Could you restate the entries below word for word and leave the images out?

[Items listed in a dataset]
== == ==

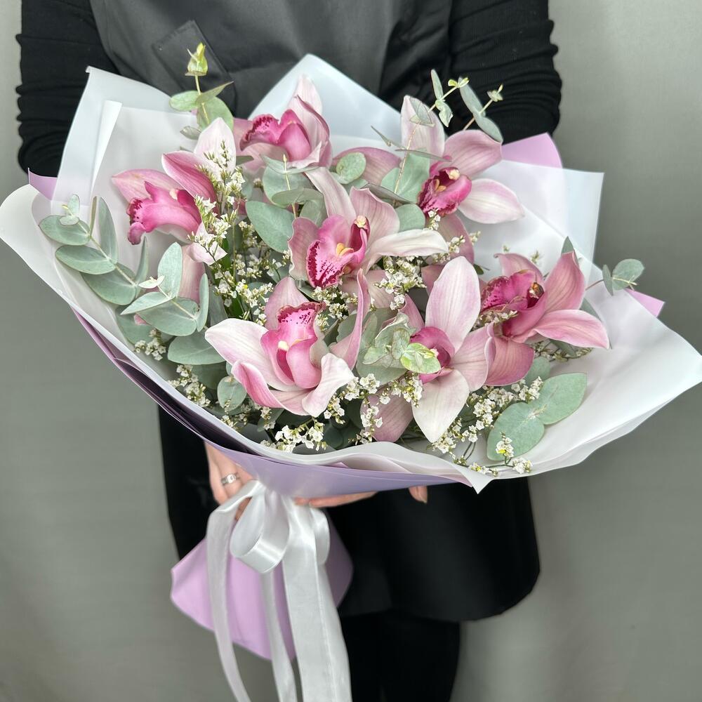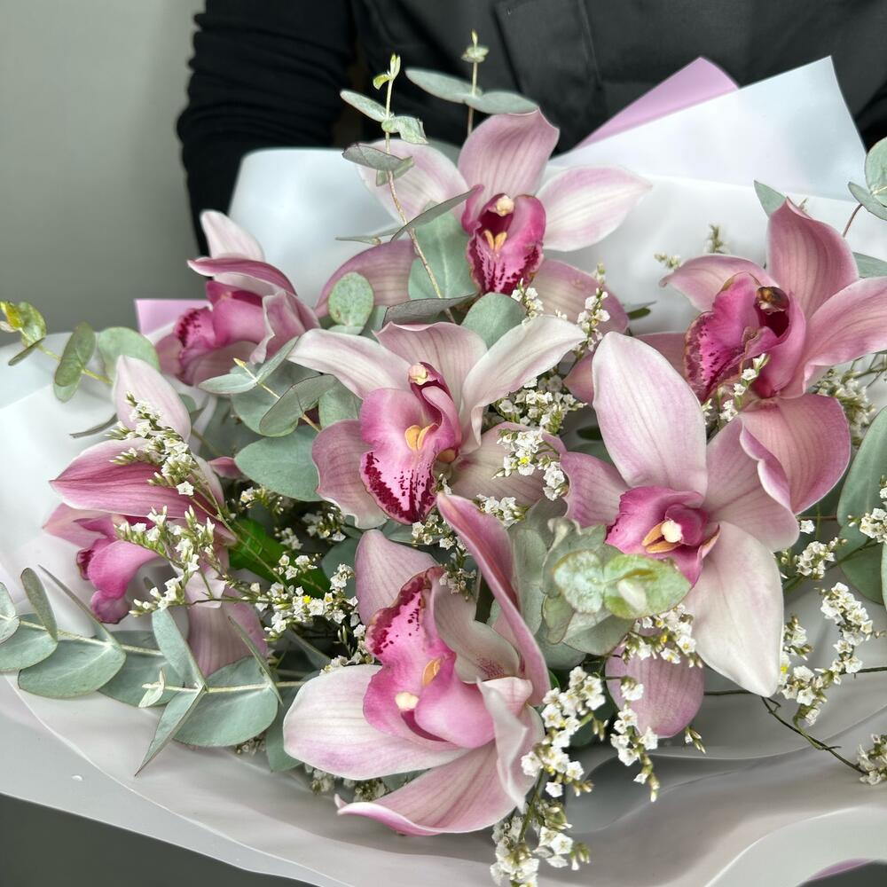 Букет орхидеи, лимониум и ароматный эвкалипт. WISTERIA FLOWERS
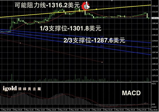 黄金长线阴阳烛录得与红色日平均移动线相交,不过后期阴烛小幅回落,已经有所跌破,末端录得阴烛再次出现 。长线MACD则录得呈中性,RSI则录得回升至51,后期或有小幅的上扬。黄金价格或在1300美元以上不断持稳,对多头局势进行不断定位。黄金价格如果能够突破1315美元,则可能继续攀升至1326美元附近。
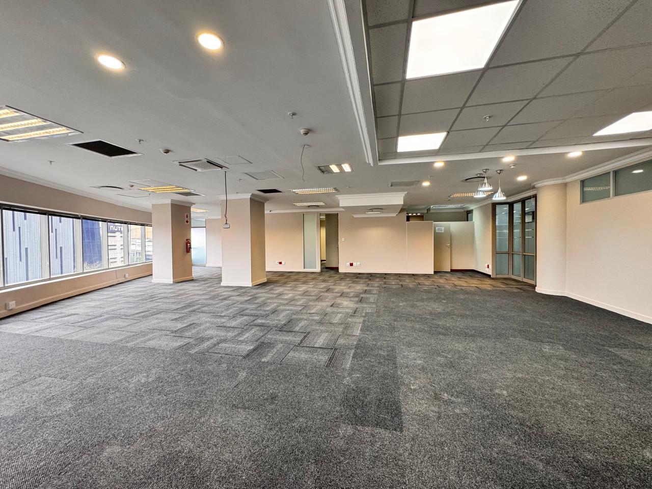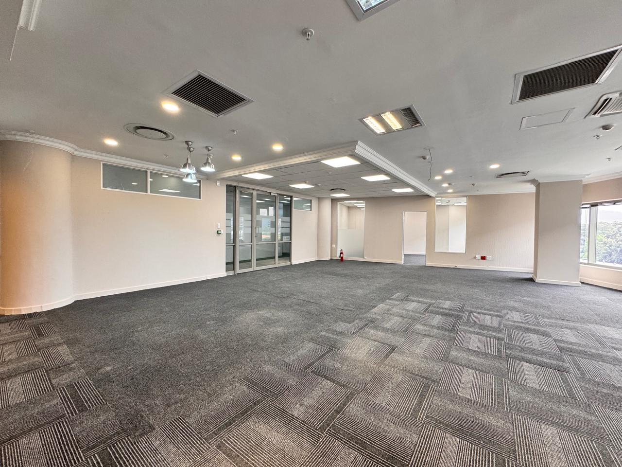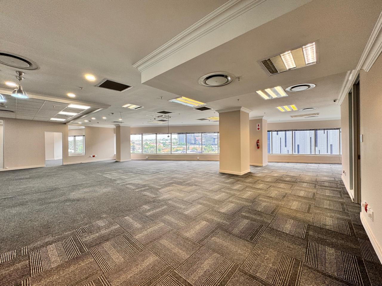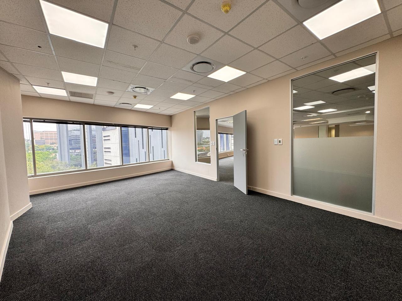 This beautifully fitted-out office space at 114 West Street offers 251 sqm of modern, professional workspace in the heart of Sandton. Upon entry, you’re welcomed into a spacious reception and waiting area, ideal for greeting clients and guests. The office features a variety of flexible workspaces, including several enclosed offices, a large boardroom for meetings, and expansive open areas that can be tailored to your business needs. The office also boasts a private balcony, offering a tranquil escape with views of the surrounding area, perfect for breaks or informal meetings. Additionally, the space includes a well-equipped fitted kitchen and private restrooms, adding extra convenience for your team.
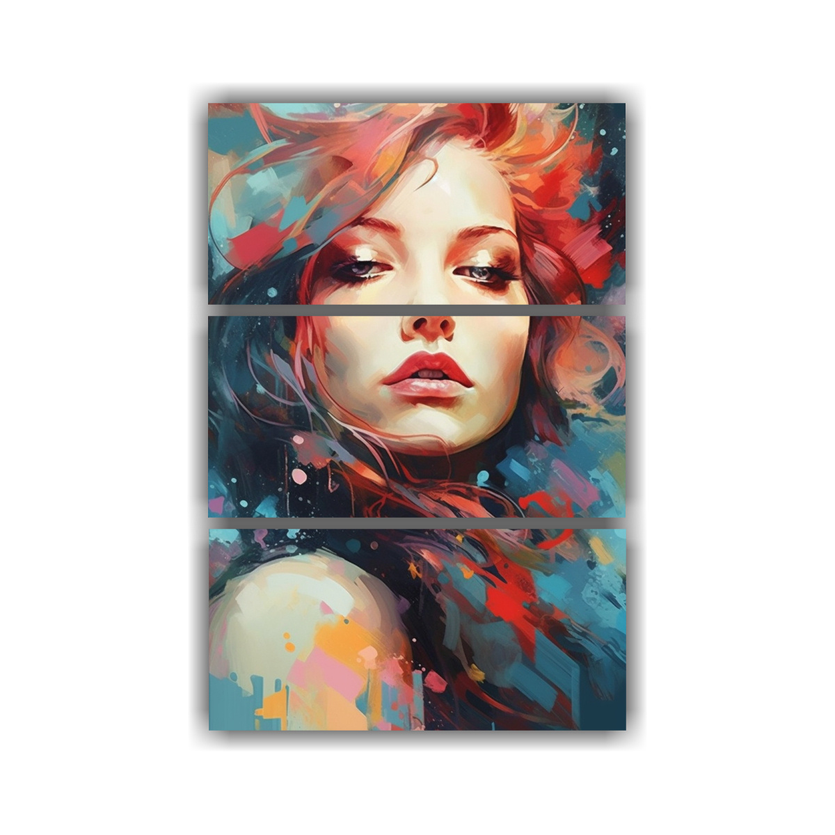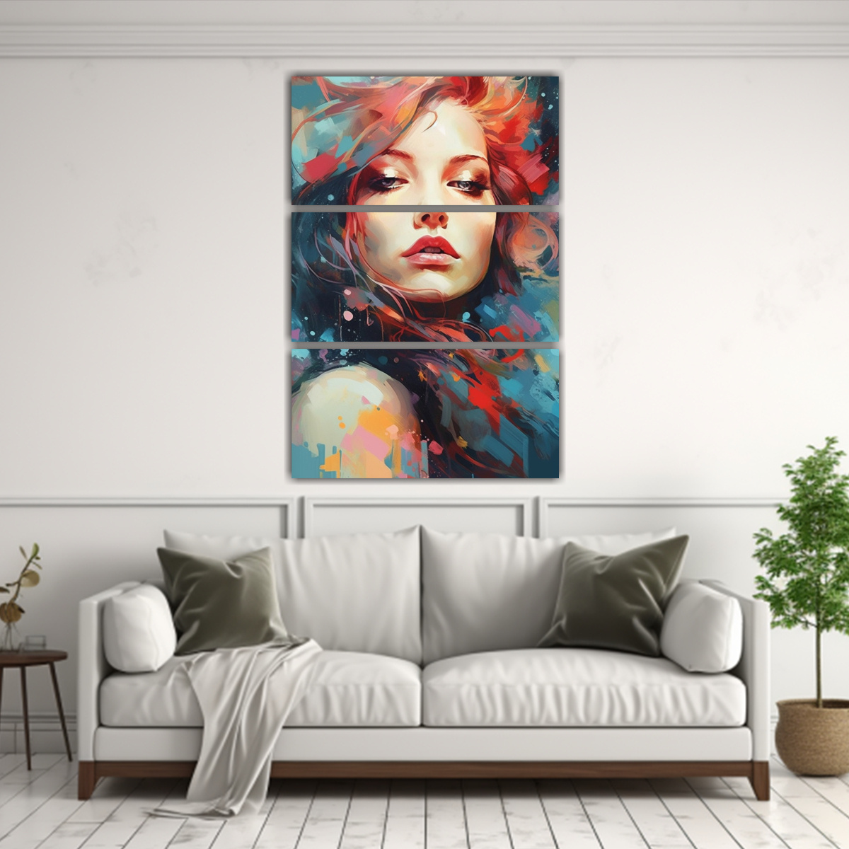 Coloca el Cuadro Intensidad Mujer Abstracta en tu sala de estar para darle un toque de elegancia y modernidad Combínalo con muebles en tonos neutros como blanco o gris para resaltar los colores intensos del cuadro ¡Será el centro de atención de tu espacio!
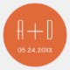 Weiße Initialen, schlichte orange Hochzeit Runder Aufkleber
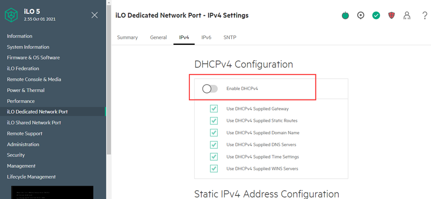 首先关闭接口的DHCP功能,防止后期管理接口接入用户网络之后,管理IP发生变化,然后再进行静态IP配置,如下图:
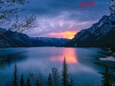 Jezioro Minnewanka, Wschód Słońca, Kanada, Prowincja Alberta, Góry

== == ==

→ Written answer:
 Букет орхидеи, лимониум и ароматный эвкалипт. WISTERIA FLOWERS
 黄金长线阴阳烛录得与红色日平均移动线相交,不过后期阴烛小幅回落,已经有所跌破,末端录得阴烛再次出现 。长线MACD则录得呈中性,RSI则录得回升至51,后期或有小幅的上扬。黄金价格或在1300美元以上不断持稳,对多头局势进行不断定位。黄金价格如果能够突破1315美元,则可能继续攀升至1326美元附近。
 This beautifully fitted-out office space at 114 West Street offers 251 sqm of modern, professional workspace in the heart of Sandton. Upon entry, you’re welcomed into a spacious reception and waiting area, ideal for greeting clients and guests. The office features a variety of flexible workspaces, including several enclosed offices, a large boardroom for meetings, and expansive open areas that can be tailored to your business needs. The office also boasts a private balcony, offering a tranquil escape with views of the surrounding area, perfect for breaks or informal meetings. Additionally, the space includes a well-equipped fitted kitchen and private restrooms, adding extra convenience for your team.
 Coloca el Cuadro Intensidad Mujer Abstracta en tu sala de estar para darle un toque de elegancia y modernidad Combínalo con muebles en tonos neutros como blanco o gris para resaltar los colores intensos del cuadro ¡Será el centro de atención de tu espacio!
 Weiße Initialen, schlichte orange Hochzeit Runder Aufkleber
 首先关闭接口的DHCP功能,防止后期管理接口接入用户网络之后,管理IP发生变化,然后再进行静态IP配置,如下图:
 Jezioro Minnewanka, Wschód Słońca, Kanada, Prowincja Alberta, Góry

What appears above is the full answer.